Telling Evolutionary Time
Researchers at our institute have also recently found a way to mark evolution using molecular timescales. This is the Timescale Website, which provides an intuitive query interface to the Timescale Database, a comprehensive resource for retrieving information on the time of divergence of species.
The query interface allows a person to search for molecular divergence time estimates for a specified pair of taxa. The system is capable of handling common and scientific taxa names and can account for simple spelling mistakes. Upon receiving a valid query for a pair of taxa, the Timescale system determines the most inclusive taxonomic groups for the supplied taxa and displays all available molecular records that detail time estimates between members of these groups. In addition, the Timescale database may be queried by author name with the results of this query containing all molecular time estimates associated with the query author.
The evolutionary history of life includes two primary components: phylogeny and timescale. Phylogeny refers to the branching order (relationships) of species or other taxa within a group and is crucial for understanding the inheritance of traits and for erecting classifications. However, a timescale is equally important because it provides a way to compare phylogeny directly with the evolution of other organisms and with planetary history such as geology, climate, extraterrestrial impacts, and other features.
The Timetree of Life is the first reference book to synthesize the wealth of information relating to the temporal component of phylogenetic trees. In the past, biologists have relied exclusively upon the fossil record to infer an evolutionary timescale. However, recent revolutionary advances in molecular biology have made it possible to not only estimate the relationships of many groups of organisms, but also to estimate their times of divergence with molecular clocks. The routine estimation and utilization of these so-called 'time-trees' could add exciting new dimensions to biology including enhanced opportunities to integrate large molecular data sets with fossil and biogeographic evidence (and thereby foster greater communication between molecular and traditional systematists). They could help estimate not only ancestral character states but also evolutionary rates in numerous categories of organismal phenotype; establish more reliable associations between causal historical processes and biological outcomes; develop a universally standardized scheme for biological classifications; and generally promote novel avenues of thought in many arenas of comparative evolutionary biology.

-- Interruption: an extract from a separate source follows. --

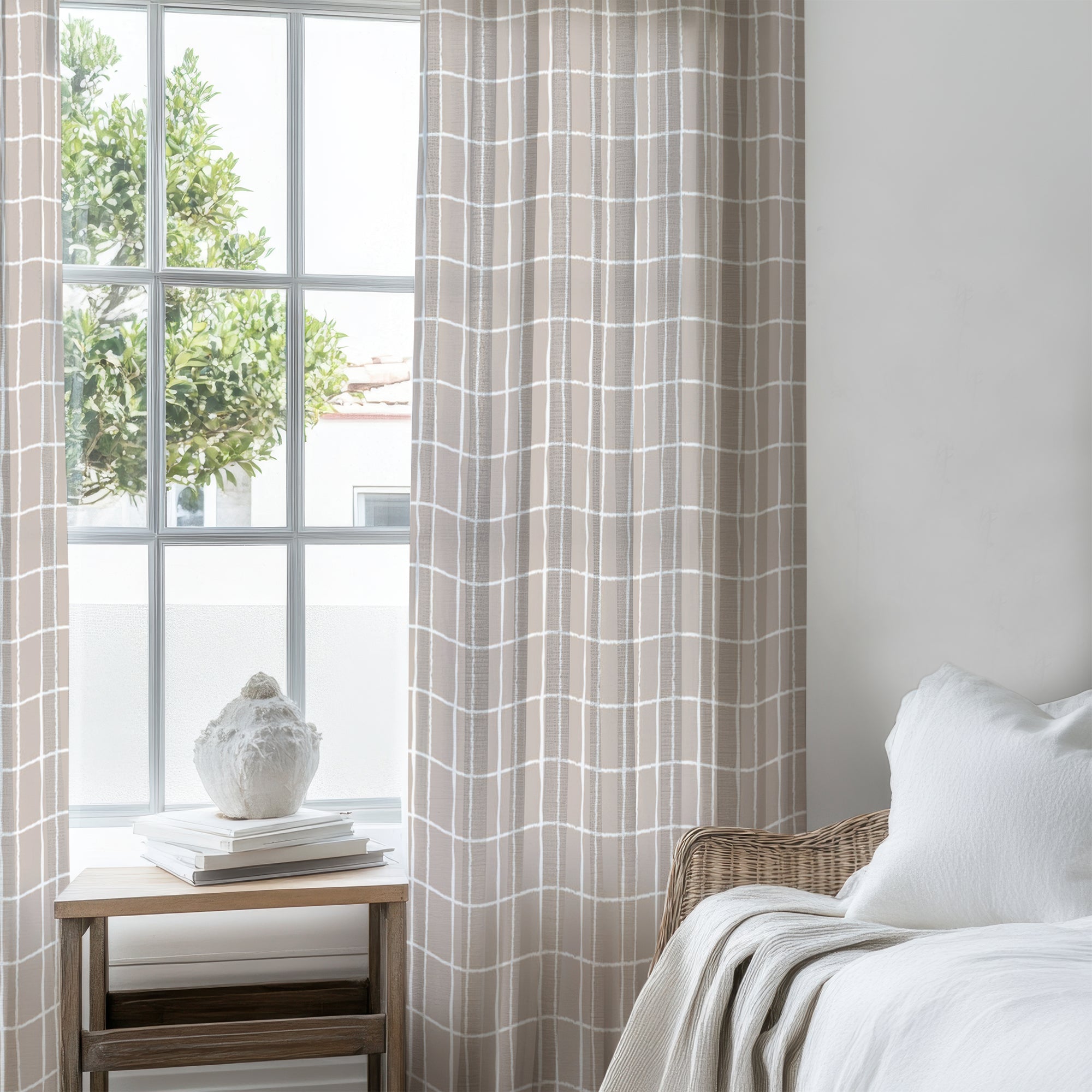 Elegance and versatility with the LORAH curtain in beige and white tones and a geometric checkered pattern, it will give a touch of modernity and style to any room that needs it. Great addition to a rustic farmhouse style decor.

This authoritative reference work brings together, for the first time, experts on all major groups of organisms to assemble a timetree of life. The result is a comprehensive resource on evolutionary history which will be an indispensable reference for scientists, educators, and students in the life sciences, earth sciences, and molecular biology. For each major group of organism, a representative is illustrated and a timetree of families and higher taxonomic groups is shown. Basic aspects of the evolutionary history of the group, the fossil record, and competing hypotheses of relationships are discussed. Details of the divergence times are presented for each node in the timetree, and primary literature references are included. The book is complemented by an online database (www.timetree.org) which allows researchers to both deposit and retrieve data.